Jaime F. Mejia Mayorga is an educator, researcher, and English language teacher from Honduras. His research privileges Indigenous ways and Indigenous knowledge and explores the intersection of Indigeneity and English Language Teaching. His expertise intersects multilingual, multicultural, and international education. His expertise also includes teacher education and faculty support as well as curriculum, instructional, and learning design to support students’ success and well-being. In addition to honoring his Indigeneity as Indigenous Chorotega and his experiences as someone who comes from Honduras, Dr. Mejia Mayorga’s academic work privileges a relational paradigm to research, service, and teaching as well as the experiences of English language learners and teachers in moving upward towards social, economic, and academic mobility.

Jaime F. Mejia Mayorga

2022 Fellows

Robyn Ferret has been teaching Composition, Literature, and Cultural Studies at Cascadia College since its inception in 2000, as a tenured faculty member since 2010. She has served the campus in roles from English Department and Tenure Review Committee Chair to campus arts magazine advisor and social justice teach-in coordinator. She is currently on a mission to foster data-informed, decolonized, accessible course design across the curriculum and more inclusive touchpoints across the institution.

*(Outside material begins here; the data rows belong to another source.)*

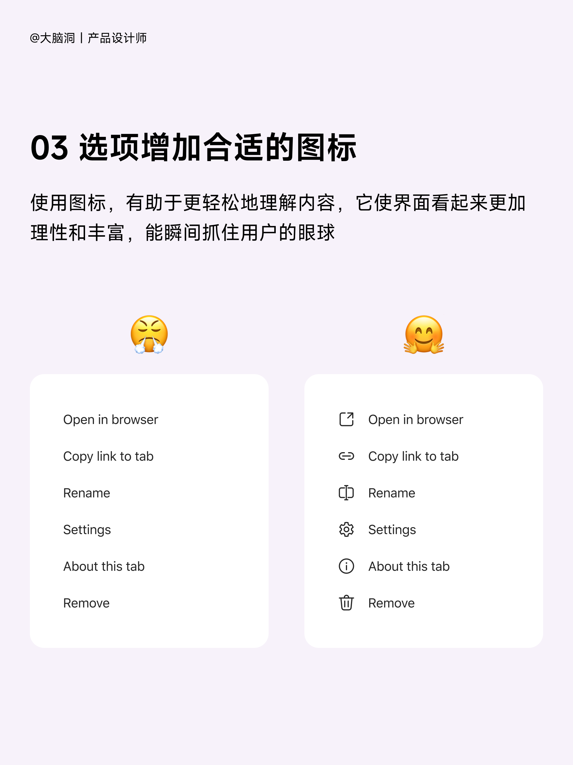 3、控制一級導(dǎo)航菜單數(shù)量,以免視覺溢出過多。保證文本易于辨識,使用已于理解的圖標(biāo),減少重復(fù)文字,精簡菜單名稱。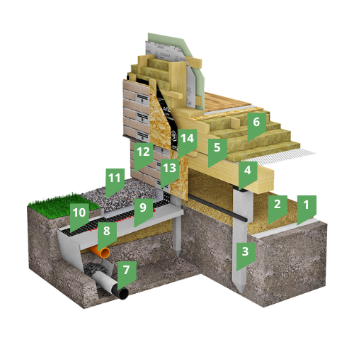 Система применяется в коттеджном и малоэтажном строительстве, применима для легких домов каркасного или деревянного типа без подвалов и цокольных помещений.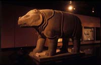 與石虎同列的石犀運用著相似的寫實手法,它明確強調了犀牛的褶皺皮膚和粗重身軀,真實刻劃著對象的體征。與石虎不同的是石犀身上刻有細密的魚鱗紋;這種非寫實的線刻紋可能是顯示犀牛皮膚粗糙感的表意性處理。實際上在龐然大物表面分布的細密的魚鱗紋在拉開視距觀察時給人的視覺感受正是皮膚粗糙感。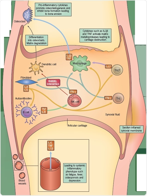 Antigen-activated T cells generate pro-inflammatory cytokines, such as IL-17, which stimulate macrophages, monocytes, and synovial fibroblasts into producing additional pro-inflammatory cytokines, IL-1, IL-6, and TNF-α. This causes the recruitment of further immune cells, such as B cells and NK cells, which consequently secrete, respectively, immunoglobulins, such as rheumatoid factor, and IFN-γ. These combined proinflammatory cytokines make an overall contribution to the articular inflammation. Moreover, the stimulation of fibroblasts, lymphocytes, and macrophages can cause angiogenesis, which might account for the heightened vascularity observed in the synovium of RA patients.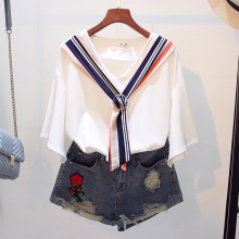 夏季新款韩版宽松甜美V领短袖雪纺荷叶边袖寄绳条纹打底衫上衣女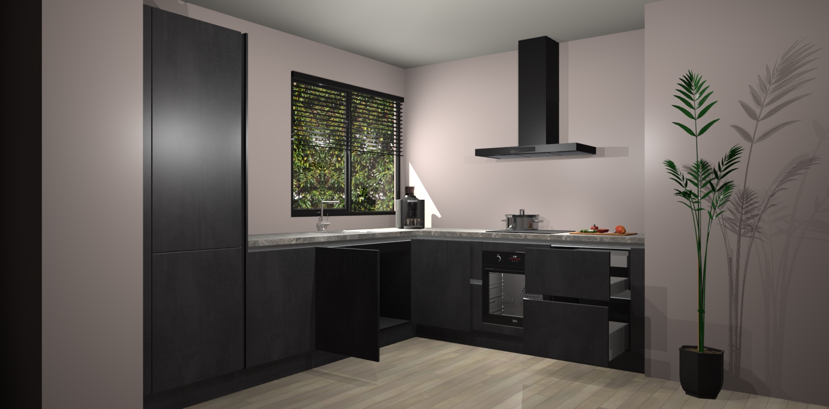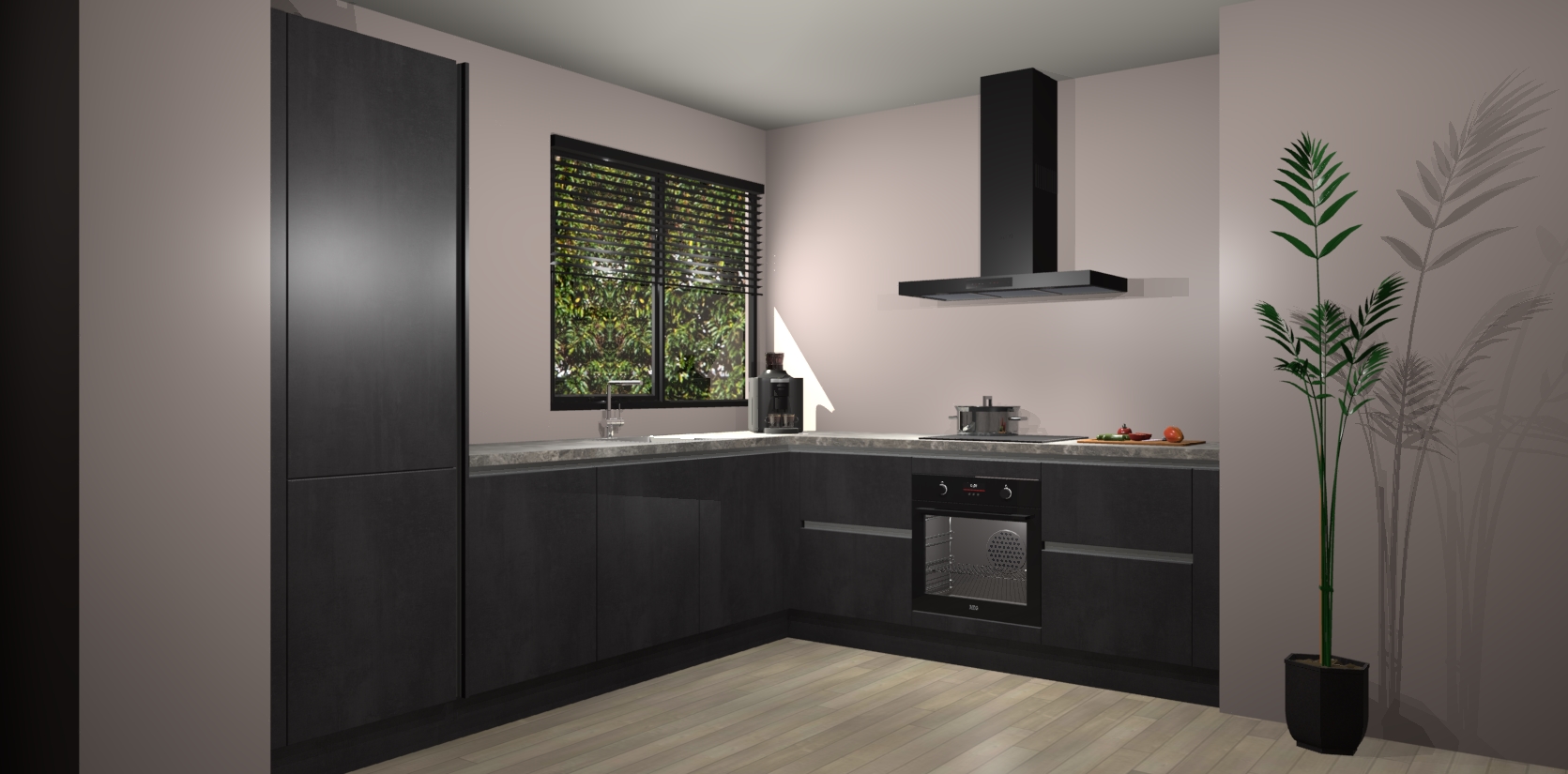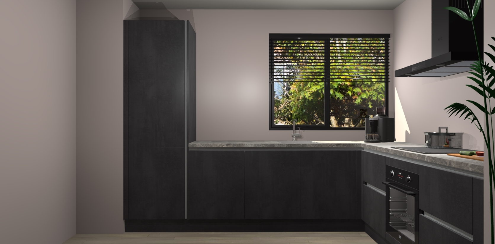 Wij presenteren de revolutie in keukens: de Beton Zwarte greeploze keuken Benidorm. Met modern design, een tijdloos uiterlijk en kasten die al voor gemonteerd worden geleverd, laat deze stijlvolle keuken uw kookervaring op een hele nieuwe manier transformeren.

Natalie Serianni teaches pre-college and composition courses at Cascadia College, where she’s a senior faculty and Guided Pathways co-lead. Her research interests include antiracist writing assessment and practices, writing process, and corpus analysis, as it connects to diagnostic assessments, curriculum alignment and academic support at the two-year college. She has studied at the Dartmouth Summer Seminar  for Composition Research and has been teaching for over twenty years.

2021 Fellows

Olayemi Awotayo

Olayemi Awotayo is a doctoral student in the Rhetoric and Writing Program in the English department at Virginia Tech. He received a bachelor’s degree in English Language at the University of Lagos. He later obtained a master’s degree in Rhetoric, Theory, and Culture at Michigan Tech, where he wrote a thesis that deploys critical discourse analysis for analyzing political campaign rhetoric in Nigeria. His current research interests include displacement and migration rhetorics; public rhetorics. Since beginning his master’s degree program, he has been teaching first-year writing and hopes to further develop his approach to teaching the course using corpus linguistics.

Dr. Madelyn Powlowski

Dr. Madelyn Pawlowski is Assistant Professor of English and the Director of Composition at Northern Michigan University. Her research examines the role of teachers’ critical language awareness in supporting L1 and L2 writers in the college classroom. Her research informs her teaching and administrative practices, helping her to develop and enact linguistically aware genre pedagogies and accompanying models for teacher development and graduate education. Dr. Pawlowski’s recent work can be found in Composition Forum and Writing Spaces. 

Margaret Poncin Reeves

Margaret Poncin Reeves is a Senior Lecturer at DePaul University, where she teaches first-year writing, professional writing, and courses for multilingual students. Her research interests include learning transfer, multilingual and multimodal pedagogy, teaching with technology, and rhetorical genre theory. Outside of work, she enjoys anything related to food: trying new restaurants, watching baking videos, and cooking with her family.

Modupe Yusuf

Modupe Yusuf is a PhD candidate and graduate teaching instructor in the Rhetoric, Theory and Culture program at Michigan Technological University. Her research focuses on the rhetoric of health and medicine and technology. Her teaching portfolio includes first-year composition, technical communication, and introductory linguistics. She’s currently exploring a corpus-driven approach to supporting students’ learning in the writing classroom.